Some years ago ‘The Economist’ noted that the disturbingly addictive South Korean music video ‘Gangnam Style’ by PSY had gone well past two billion views on YouTube, making it the most watched clip of all time. It is just over 4 minutes long, so this equates to more than 140 million hours, or over 16,000 years of time spent watching PSY and his antics! This begs the question: what other achievements for the betterment of humanity have been delayed or even abandoned in all this time spent watching a group of enigmatic songsters engaging in air lassos and sideways shuffles?
The sharp brains at ‘The Economist’ calculated that, if those people had not been watching PSY (and they had all been willing to collaborate on a joint project!), they could have built 3 aircraft carriers, or 4 Great Pyramids of Giza, or 20 Empire State Buildings, or 4 Stonehenges, or 2 London Olympic Parks, or 1.5 Wikipedias! But such studies of productivity lost through frivolous distraction neglect the possibility that this amount of time was going to be wasted by this number of people anyway – it’s just a matter of how they chose to waste it.

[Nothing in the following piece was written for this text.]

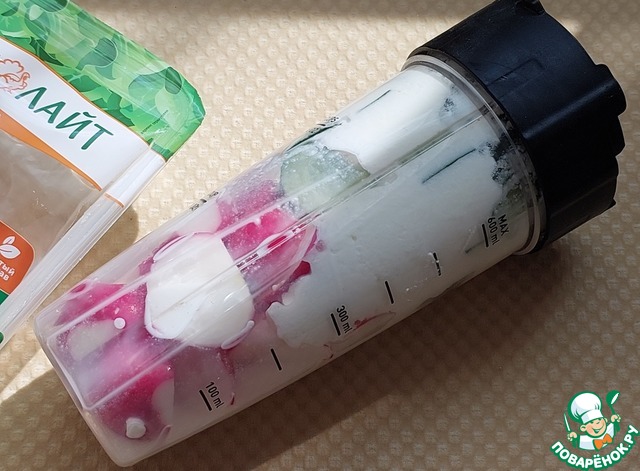 • Отмерить йогурт и молоко в блендер, добавить нарезанные овощи и специи.

When you think over the last few days at work, have you put off doing something that actually does matter to you? Do you find yourself getting focused only when the deadline gets tight? Is there a thrill in working against the clock – when, secretly, you know you could have planned your time so that there was no last minute crisis? Does your mind wander and you become distracted quite easily? If you’re honest, do you sometimes avoid failure by never finishing (or perhaps never even starting) a key task – maybe that blockbuster business book or your breakthrough invention?

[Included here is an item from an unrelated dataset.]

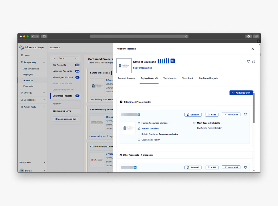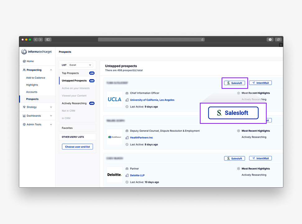 Immediately add one or more Active Prospects from Informa TechTarget Portal directly to a relevant Salesloft cadence with the click of a button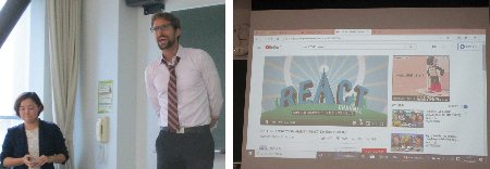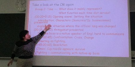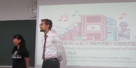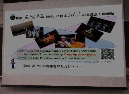映画を使った英語の授業を、文化と言語の両面から深掘りする教授法を探求する研究の一例として、映画「On The Town(踊る大紐育)1949」から、軍艦を下船し街に繰り出した水兵をタクシードライバー(女性)が誘うシーンの表現「Come up to my place.」が持つナンパな気持ちを、「Come to my home.」と比較しつつ、コーパスを使って解き明かしていく発表であった。

Procrastination is not a modern phenomenon. In fact, there are ancient Egyptian hieroglyphs complaining about procrastination and the first book on the topic, Anthony Walker’s ‘The Great Evil of Procrastination’, was published in 1682. But this old problem has been fuelled by the digital era, with our constant stream of emails, memos, games, social media updates, internet wandering and ‘cyber loafing’. If procrastination is an issue for you at least some of the time, then you are by no means alone. A large study conducted in Australia, UK and US confirmed what we have all surely suspected: 80-95% of university students suffer from chronic procrastination and, in the general workforce, the figure is a worrying 20%, with that number rising significantly when the researchers asked about occasional episodes which, nevertheless, had a negative impact on the person’s productivity, self-esteem and overall happiness.
Procrastination is about avoiding something that you feel in two minds about doing. So what is it about the task that makes you want to avoid doing it? Behavioural scientists at the London School of Economics have identified some common attention obstacles. For example, they found that you should do one thing at time. Not only did people get more done that way, but they felt happier too. Multitasking reduces productivity because of the ‘switching costs’ as you move from one task to another.

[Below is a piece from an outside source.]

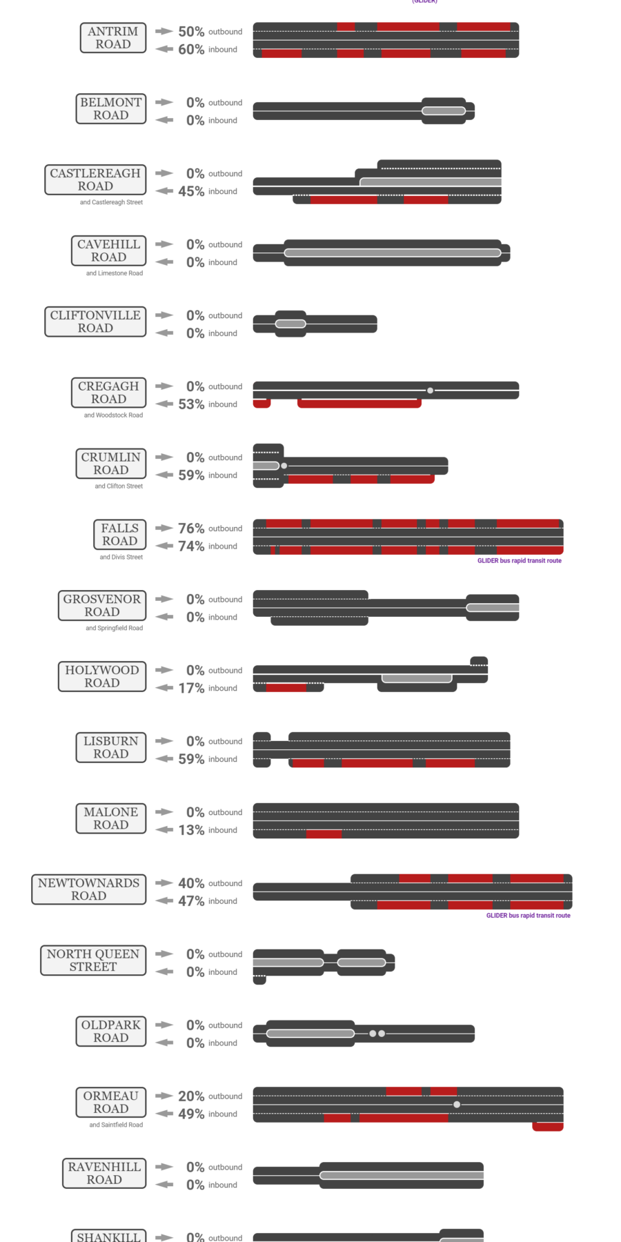 The roads with the greatest proportion of bus lanes are naturally the Glider Bus Rapid Transit corridors, but overall the city is lacking in really game-changing bus priority at the expense of general traffic space. Drivers might claim to have half the road space taken away from them, but 85% of the time around Belfast that’s nonsense.

Loan officers at a Columbian bank were found to have a shared habit of putting off finding new clients until just before their monthly bonuses were calculated. Unsurprisingly, more than 70% of them reported high stress levels and an inability to stick to work plans. But when they, as a team, broke down their work into defined weekly tasks and received small prizes for finishing each week, their procrastination levels went down dramatically and their enjoyment of the job went up.
Some of the most innovative research on this common problem focuses on how to design ‘nudges’. This is about creating a portfolio of small adjustments to your environment that work together to gently nudge you in a positive direction, in ways that feel natural and without effort. For example, put yourself back in the same setting where you wrote that last well-received report. The same context will nudge you towards those previous useful behaviours. However, if you always work in the same place and often struggle to get things done, rearrange your space completely and see what happens.
Other nudges include opting out of internet distractions; setting default deadlines; breaking something into small, public commitments; and hanging out with highly motivated people. This last impact was found to increase when people talk about how things are going. Conversing about experiences is pleasurable, so share with others how you get things done and listen to what they do.
Employees that reported they receive regular information about how well they are performing are more likely to say they experience high levels of meaningfulness at work. This matters because feeling a sense of purpose has been found to contribute to happiness. Even if you don’t get immediate pleasure from that tough task, identifying for yourself exactly how it is meaningful, gives you a purpose-driven route out of procrastination. Finally, if you can forgive yourself for your past procrastination, it’s more likely that you’ll take some practical steps to break the pattern this time. So be kind to yourself, as you start to change old habits!
If more than half of these items apply to you, don’t put off trying some of the ideas in this briefing!